* Dataset extract:
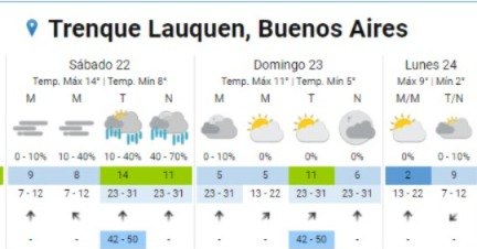 Se produciría una sensible baja en la temperatura el domingo y lunes.,
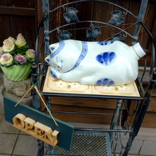 その町の真ん中に,赤井倉がある.明治23年建築の旧住宅を一部改修した建物は,平成15年,国の登録有形文化財に指定されている.赤井倉による.古い建物の中に陶器が陳列されている.商店というより,古い美術館のよう.ここでもお皿などを買った.トイレまで装飾されていてびっくり.フィンランドのお土産をわざわざ窯の倉庫まで取りに行ってくれた 親切な店でもある
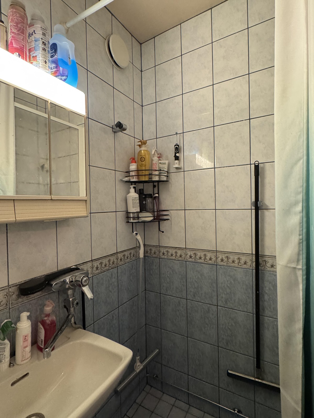 - Kylpyhuone, suihku, suihkuseinä, peilikaappi, pesukoneliitäntä. Kylpyhuone on uusittu 2004

* Exercise details:
Beginning with the line that contains "その町の真ん中に,赤井倉があ" and ending with the final line of the listing, return each line exactly. Omit all pictures.

* Answer for this exercise:
 その町の真ん中に,赤井倉がある.明治23年建築の旧住宅を一部改修した建物は,平成15年,国の登録有形文化財に指定されている.赤井倉による.古い建物の中に陶器が陳列されている.商店というより,古い美術館のよう.ここでもお皿などを買った.トイレまで装飾されていてびっくり.フィンランドのお土産をわざわざ窯の倉庫まで取りに行ってくれた 親切な店でもある
 - Kylpyhuone, suihku, suihkuseinä, peilikaappi, pesukoneliitäntä. Kylpyhuone on uusittu 2004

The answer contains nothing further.